INFORMATION GIVEN:
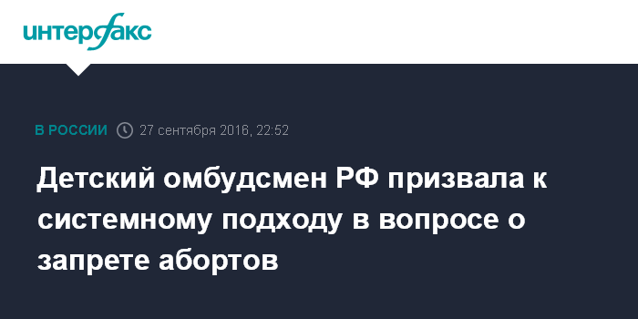Детский омбудсмен РФ призвала к системному подходу в вопросе о запрете абортов
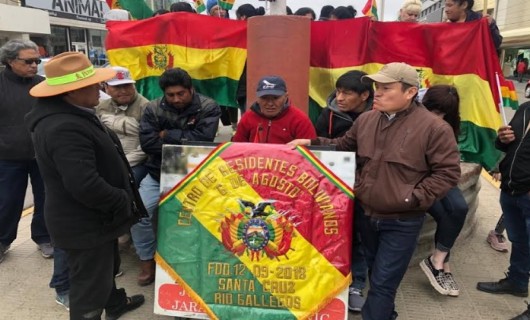 Rio Gallegos | Parte de la nueva Comisin Directiva de ATE Santa Cruz una nueva convocatoria de la comunidad boliviana por la paz en Bolivia y contra el golpe de estado cvico militar que impuso un poder de facto obligando a la renuncia de Evo Morales.
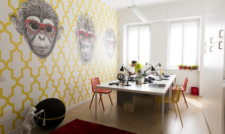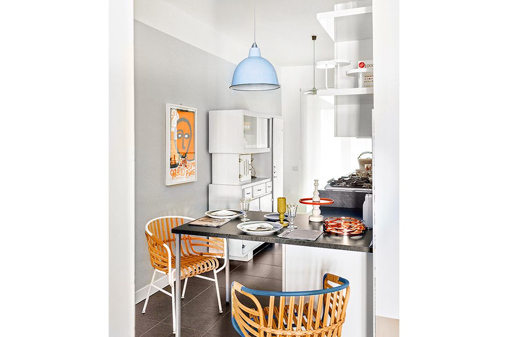 Partendo dall’esistente (piastrelle esagonali nere, sgabelli disegnati da Francesca) e dai libri di Laura, Cristina ha deciso di proporre mobili d’impatto grafico più finiture tattili e colorate che ben spiccano sul bianco luminoso di arredi fissi e pareti.
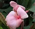 Canna 'Pringle Bay' is a miniature Italian and variegated group canna cultivar; variegated foliage, oval shaped, spreading habit; flowers are open, self-coloured pink, staminodes are large; fertile both ways, not true to type, not self-pollinating; rhizomes are thick, up to 3 cm in diameter, coloured pink and purple. Its main attraction is the bright variegated foliage, green, bronze and pink. Only about 40 cm in height.
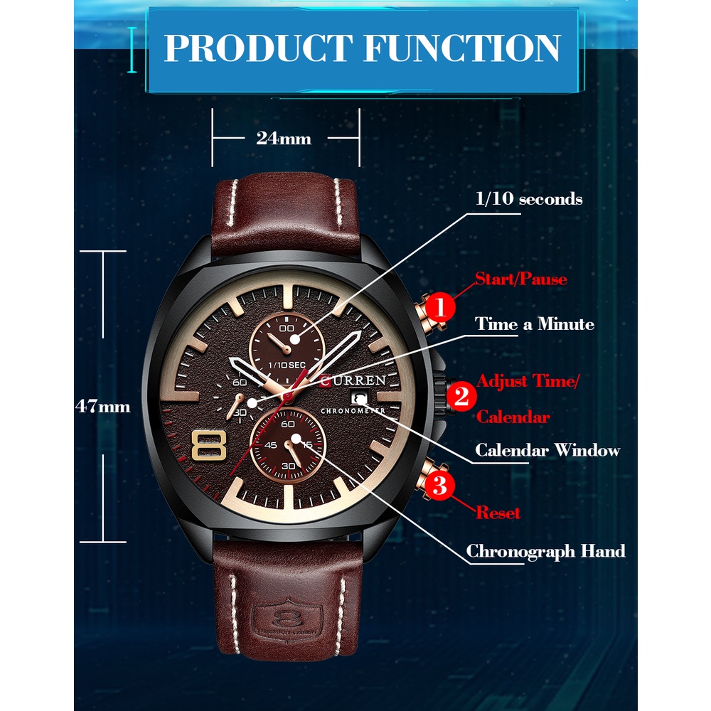 Jam Tangan Pria CURREN 8324 Chrono Aktif, Jam Tangan Kuarsa Tahan Air Olahraga Merek Mewah Atas,Jam Tangan Militer
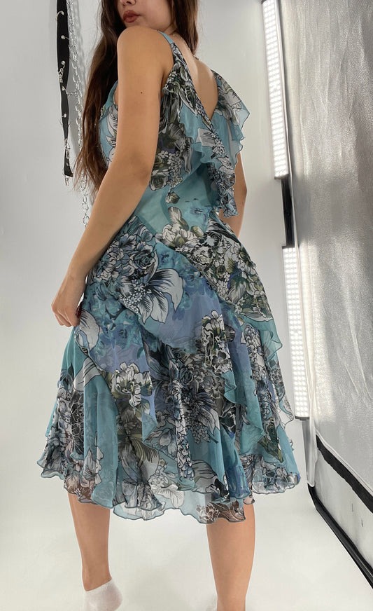 PromoçãoVintage 1990s Blue Floral Ruffle Dress (M)
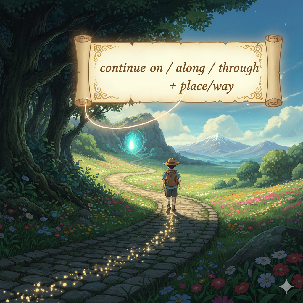 - continue on/along/through 구문은 방향, 위치와 관련된 독해 문제에 자주 등장
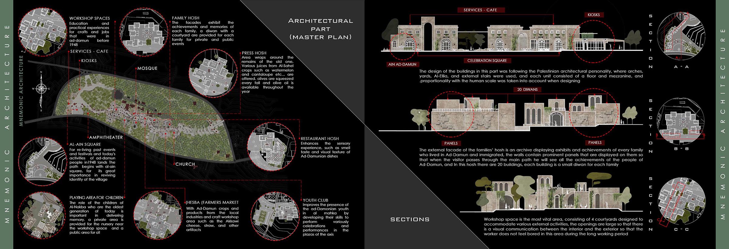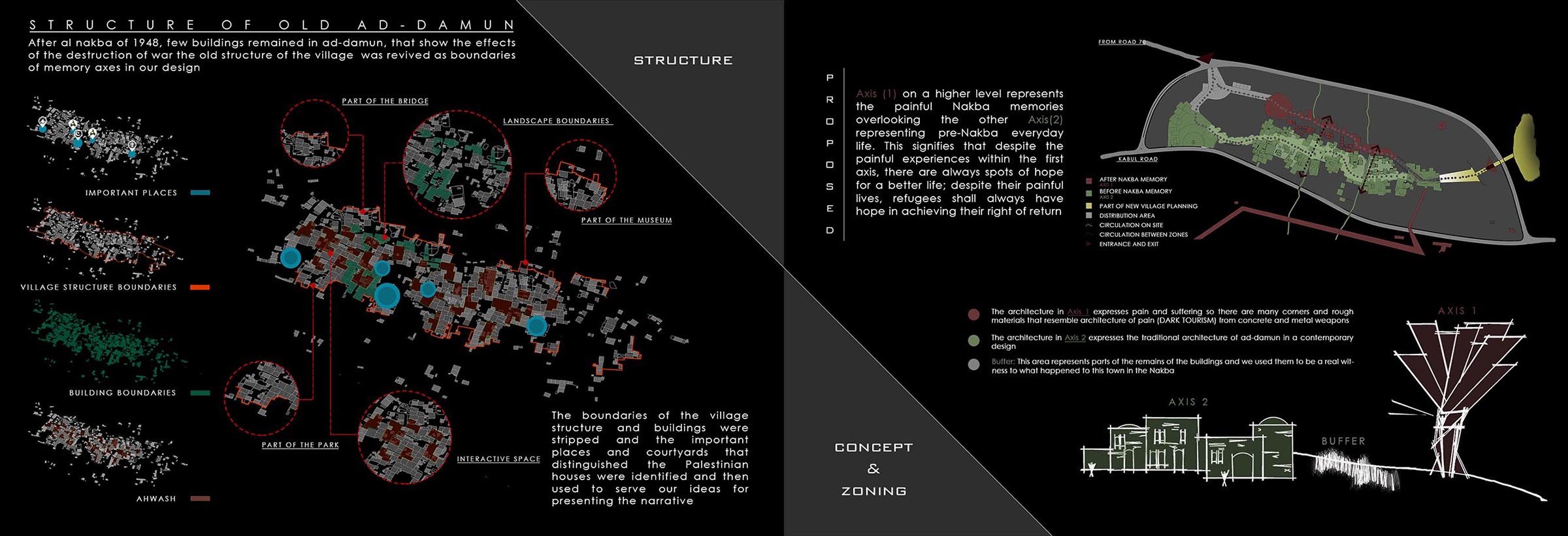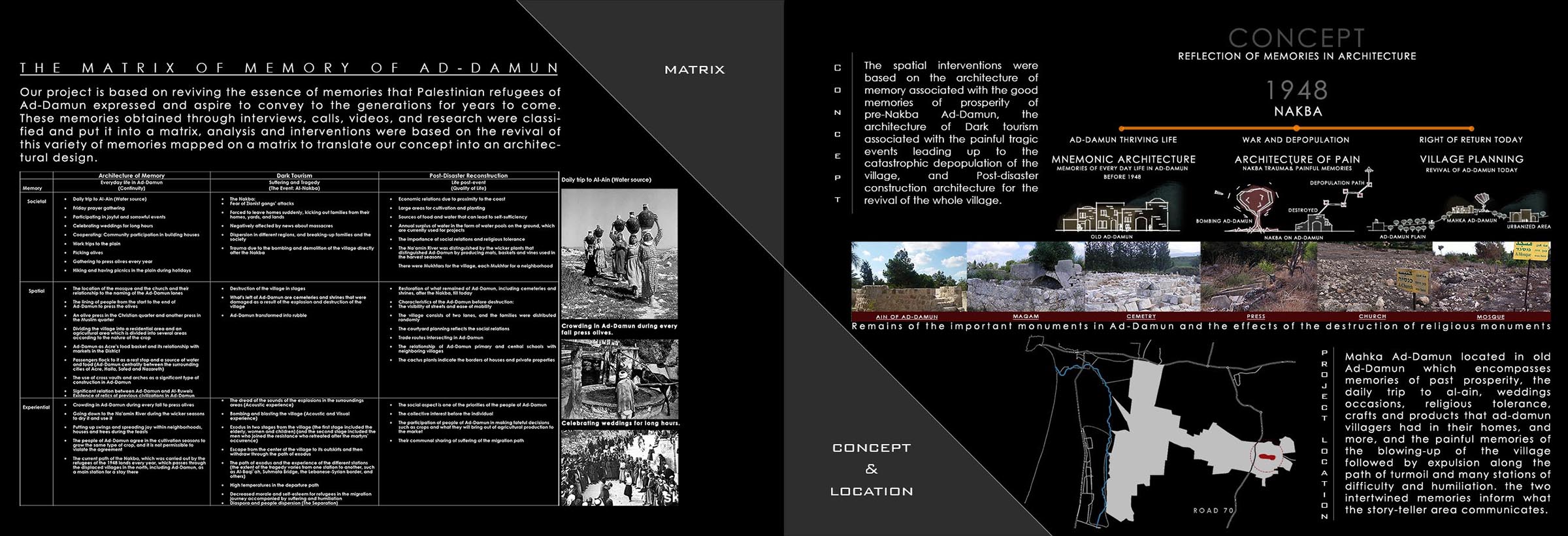 Analysis and interventions were based on the revival of this variety of memories mapped on a matrix (see sheet 1 of the project) to translate our concept into an architectural design. The spatial interventions were based on the Architecture of memory associated with the good memories of the prosperity of pre-Nakba Ad-Damun, the architecture of Dark tourism associated with the painful tragic events leading up to the catastrophic depopulation of the village, and Post-disaster reconstruction architecture for the revival of the whole village.
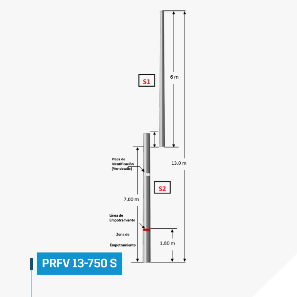 FRP Pole 13 m 750 kgf sectioned or better called FRP‑13‑750 S‑CTC of polyester reinforced with fiberglass.
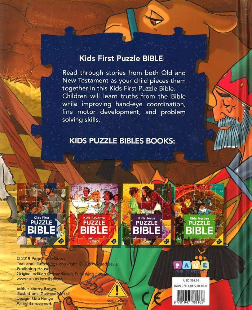Read through stories from both Old and New Testament as your child pieces them together in this Kids First Puzzle Bible. Children will learn truths from the Bible while improving hands-eye coordination, fine motor development, and problem solving skills. 2 IN 1 , A puzzle in a book!
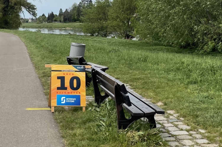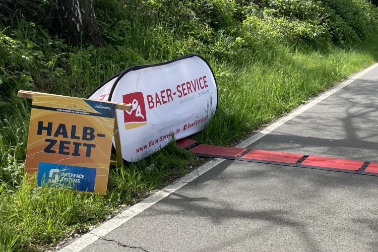 Dann geht es unter der Bahn hindurch und uns erwartet, nein, nicht die erste Verpflegungsstelle, sondern die Gaststätte „Kleine Einkehr“. Ein andermal, sag ich mir, und bleibe tapfer auf der Strecke, obwohl ich schon schwitze. Kurz danach werden wir von einer freundlichen Organisationhelferin mit einem Schild vor einer Baustelle gewarnt.
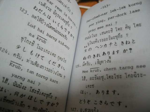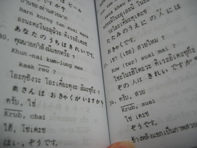 先日、初めての海外旅行に出かけた職場の人から、「とりあえず見てみて」と何やらおかしな本を渡された。どうやら、日タイの会話テキストのようである。タイトル部分に監修?「T.KIKUCHI」と記載あり…。
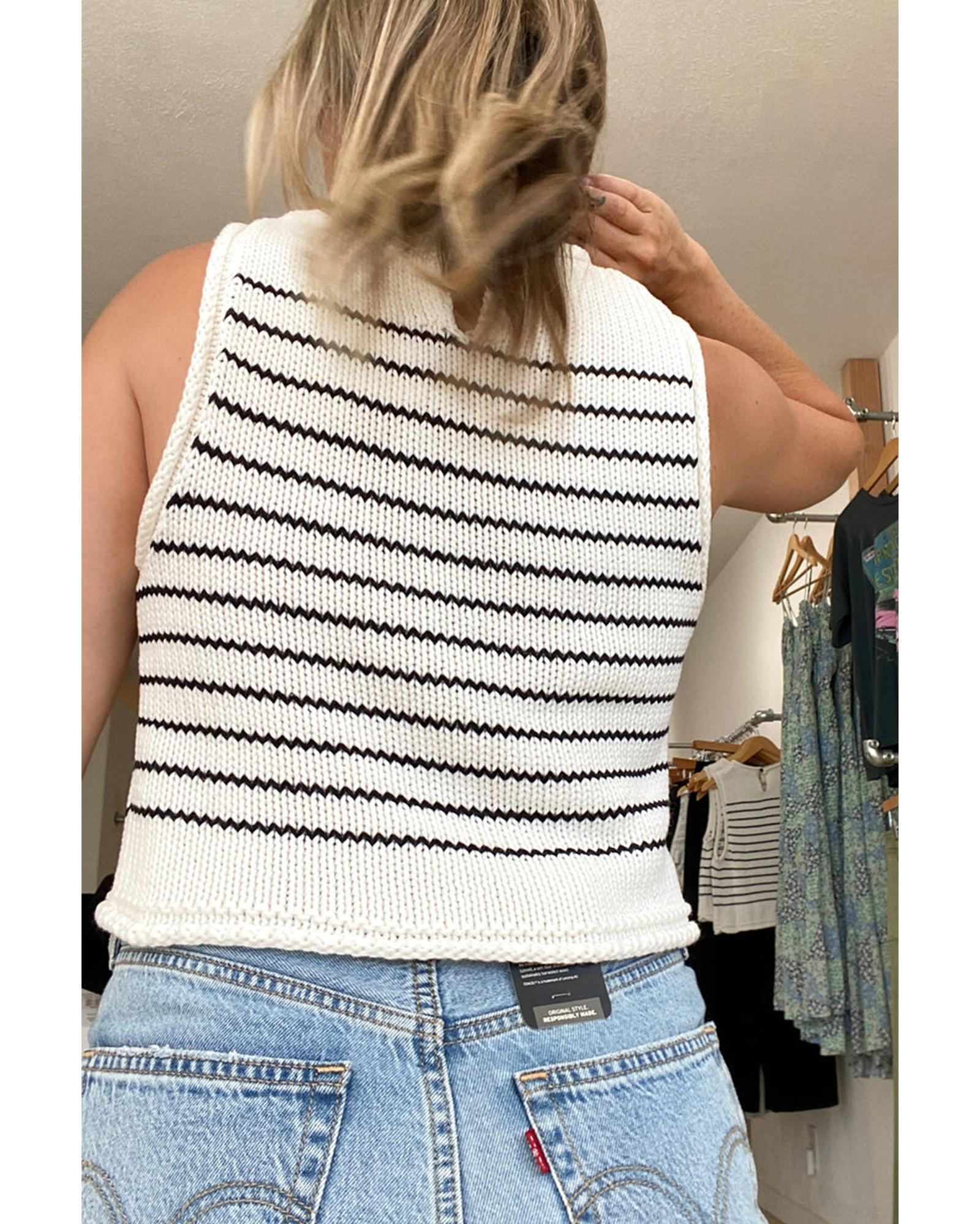 Black Stripe Raw Edge Crew Neck Knitted Vest - M
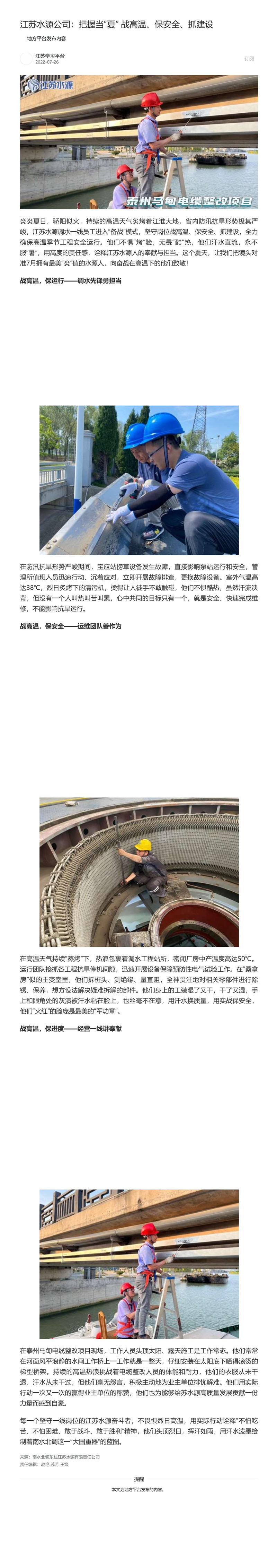 学习强国、中国江苏网、新江苏网——江苏水源公司:把握当“夏” 战高温、保安全、抓建设
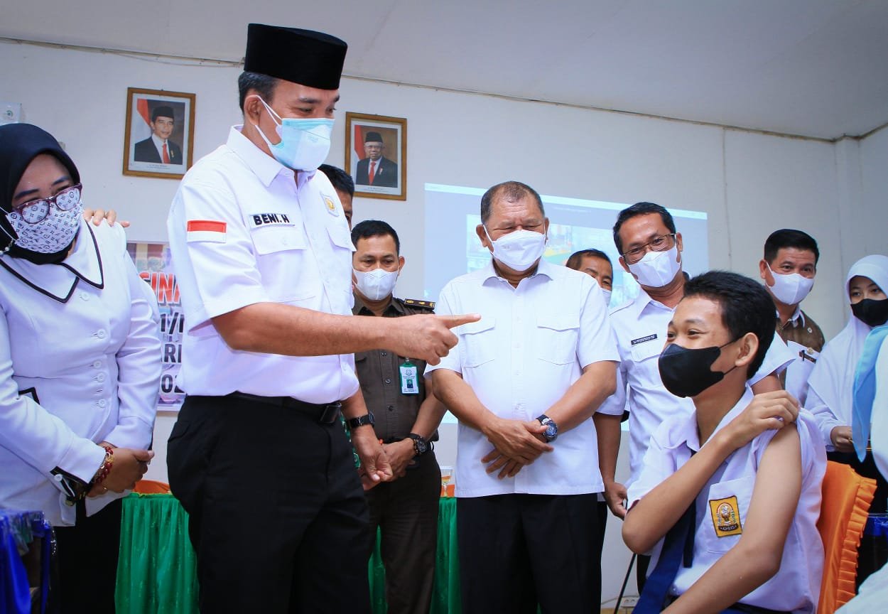 Senin (8/11/2021) Plt Bupati Muba Beni Hernedi meninjau langsung pelaksanaan Serbuan Vaksinasi COVID-19 dalam Rangka Hari Pahlawan yang menyasar kepada para Pelajar Sekolah tingkat SMP. Kegiatan ini di launching langsung oleh Danrem 044/Garuda Dempo (Gapo) Brigjen TNI M Naudi Nurdika secara virtual bertempat di SMP Negeri 1 Sekayu.

WHAT IS NEEDED: Please copy every entry exactly, without the pictures.

RESPONSE TO THIS EXERCISE:
Детский омбудсмен РФ призвала к системному подходу в вопросе о запрете абортов
 Rio Gallegos | Parte de la nueva Comisin Directiva de ATE Santa Cruz una nueva convocatoria de la comunidad boliviana por la paz en Bolivia y contra el golpe de estado cvico militar que impuso un poder de facto obligando a la renuncia de Evo Morales.
 Partendo dall’esistente (piastrelle esagonali nere, sgabelli disegnati da Francesca) e dai libri di Laura, Cristina ha deciso di proporre mobili d’impatto grafico più finiture tattili e colorate che ben spiccano sul bianco luminoso di arredi fissi e pareti.
 Canna 'Pringle Bay' is a miniature Italian and variegated group canna cultivar; variegated foliage, oval shaped, spreading habit; flowers are open, self-coloured pink, staminodes are large; fertile both ways, not true to type, not self-pollinating; rhizomes are thick, up to 3 cm in diameter, coloured pink and purple. Its main attraction is the bright variegated foliage, green, bronze and pink. Only about 40 cm in height.
 Jam Tangan Pria CURREN 8324 Chrono Aktif, Jam Tangan Kuarsa Tahan Air Olahraga Merek Mewah Atas,Jam Tangan Militer
 PromoçãoVintage 1990s Blue Floral Ruffle Dress (M)
 - continue on/along/through 구문은 방향, 위치와 관련된 독해 문제에 자주 등장
 Analysis and interventions were based on the revival of this variety of memories mapped on a matrix (see sheet 1 of the project) to translate our concept into an architectural design. The spatial interventions were based on the Architecture of memory associated with the good memories of the prosperity of pre-Nakba Ad-Damun, the architecture of Dark tourism associated with the painful tragic events leading up to the catastrophic depopulation of the village, and Post-disaster reconstruction architecture for the revival of the whole village.
 FRP Pole 13 m 750 kgf sectioned or better called FRP‑13‑750 S‑CTC of polyester reinforced with fiberglass.
Read through stories from both Old and New Testament as your child pieces them together in this Kids First Puzzle Bible. Children will learn truths from the Bible while improving hands-eye coordination, fine motor development, and problem solving skills. 2 IN 1 , A puzzle in a book!
 Dann geht es unter der Bahn hindurch und uns erwartet, nein, nicht die erste Verpflegungsstelle, sondern die Gaststätte „Kleine Einkehr“. Ein andermal, sag ich mir, und bleibe tapfer auf der Strecke, obwohl ich schon schwitze. Kurz danach werden wir von einer freundlichen Organisationhelferin mit einem Schild vor einer Baustelle gewarnt.
 先日、初めての海外旅行に出かけた職場の人から、「とりあえず見てみて」と何やらおかしな本を渡された。どうやら、日タイの会話テキストのようである。タイトル部分に監修?「T.KIKUCHI」と記載あり…。
 Black Stripe Raw Edge Crew Neck Knitted Vest - M
 学习强国、中国江苏网、新江苏网——江苏水源公司:把握当“夏” 战高温、保安全、抓建设
 Senin (8/11/2021) Plt Bupati Muba Beni Hernedi meninjau langsung pelaksanaan Serbuan Vaksinasi COVID-19 dalam Rangka Hari Pahlawan yang menyasar kepada para Pelajar Sekolah tingkat SMP. Kegiatan ini di launching langsung oleh Danrem 044/Garuda Dempo (Gapo) Brigjen TNI M Naudi Nurdika secara virtual bertempat di SMP Negeri 1 Sekayu.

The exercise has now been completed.